3402 sayılı Kadastro Kanunu'nun 14 üncü, 16 ncı, 17 ve 20 nci maddeleri,
3. Değerlendirme
1.Bölge adliye mahkemelerinin nihai kararlarının bozulması 6100 sayılı Kanun'un 371 inci maddesinde yer alan sebeplerden birinin varlığı hâlinde mümkündür.

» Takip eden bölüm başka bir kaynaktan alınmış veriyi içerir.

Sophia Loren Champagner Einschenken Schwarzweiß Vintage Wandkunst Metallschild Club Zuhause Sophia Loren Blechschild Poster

2.Mardin ili, .... ilçesi, ... Mahallesinde 2011 yılında yapılan kadastro çalışmaları sonucunda 128 ada 11 parsel sayılı 2.463,53 m² yüz ölçümlü taşınmaz, 07.08.1984 tarihli ve 14 sıra numaralı tapu kaydı nedeniyle arsa vasfı ile Hazine adına tespit ve tescil edilmiştir.

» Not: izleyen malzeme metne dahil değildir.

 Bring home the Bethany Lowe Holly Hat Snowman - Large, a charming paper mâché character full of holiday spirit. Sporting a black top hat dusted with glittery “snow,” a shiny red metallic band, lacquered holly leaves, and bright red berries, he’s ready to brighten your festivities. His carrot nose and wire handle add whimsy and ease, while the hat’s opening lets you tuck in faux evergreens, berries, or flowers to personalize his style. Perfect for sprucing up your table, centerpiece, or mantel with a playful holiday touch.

3.Temyizen incelenen karar, tarafların karşılıklı iddia ve savunmalarına, dayandıkları belgelere, uyuşmazlığa uygulanması gereken hukuk kuralları ile hukuki ilişkinin nitelendirilmesine, dava şartlarına, yargılama ve ispat kuralları ile kararda belirtilen gerekçelere göre usul ve kanuna uygun olup davacının temyiz dilekçesinde ileri sürülen nedenler kararın bozulmasını gerektirecek nitelikte görülmemiştir.
VI. KARAR
Açıklanan sebeplerle;
Davacının temyiz itirazının reddi ile temyiz olunan Bölge Adliye Mahkemesi kararının HMK'nın 370 inci maddesinin birinci fıkrası uyarınca ONANMASINA,
Aşağıda yazılı 346,90 TL bakiye onama harcının temyiz eden davacıdan alınmasına,
Dosyanın İlk Derece Mahkemesine, kararın bir örneğinin Bölge Adliye Mahkemesine gönderilmesine,27.02.2024 tarihinde kesin olarak oy birliğiyle karar verildi.